◆ **INFORMATION PROVIDED**:
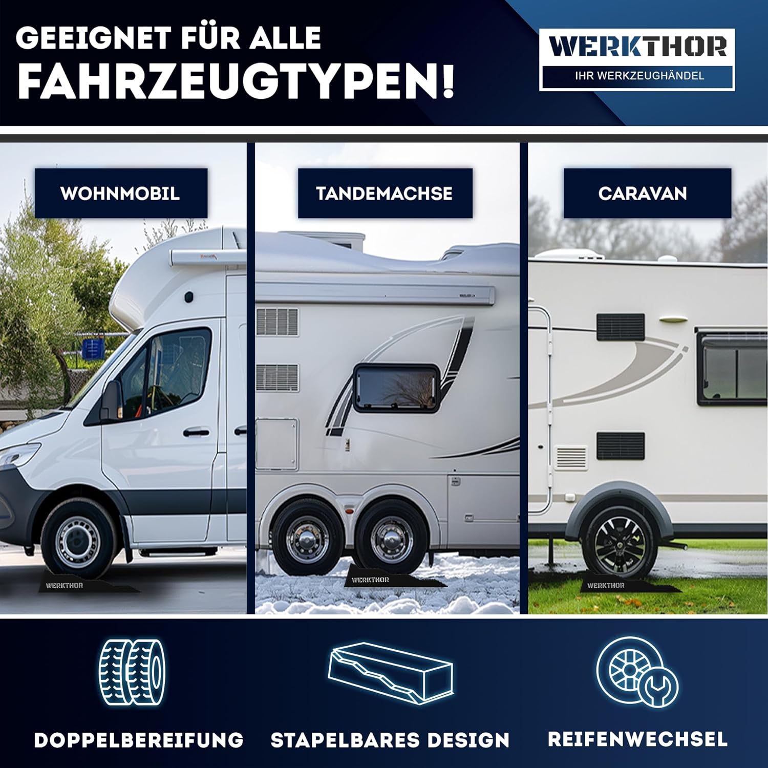 WERKTHOR Auffahrkeile – Stabile & sichere Nivellierung für Wohnmobil, Caravan & Wohnwagen
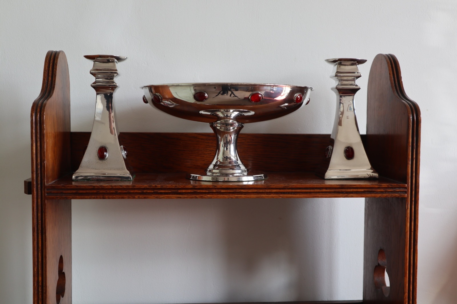 Arts & Crafts / Art Deco, Silver Plated Compote & Candlestick Set with Red Cabochons 1920. (1 of 21)
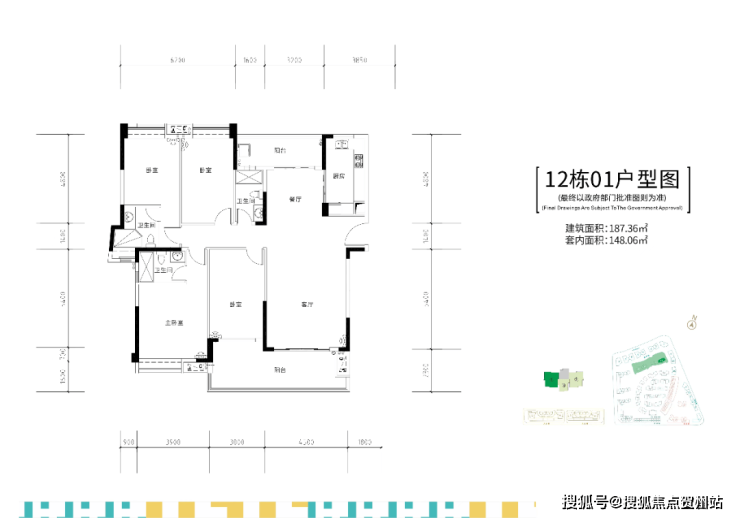 12栋两梯三户,建面约187㎡四房双套间户型。

◆ **PROBLEM REQUIREMENTS**: Reproduce the material in full, word for word, and omit the pictures.

◆ **EXPECTED OUTPUT**:
 WERKTHOR Auffahrkeile – Stabile & sichere Nivellierung für Wohnmobil, Caravan & Wohnwagen
 Arts & Crafts / Art Deco, Silver Plated Compote & Candlestick Set with Red Cabochons 1920. (1 of 21)
 12栋两梯三户,建面约187㎡四房双套间户型。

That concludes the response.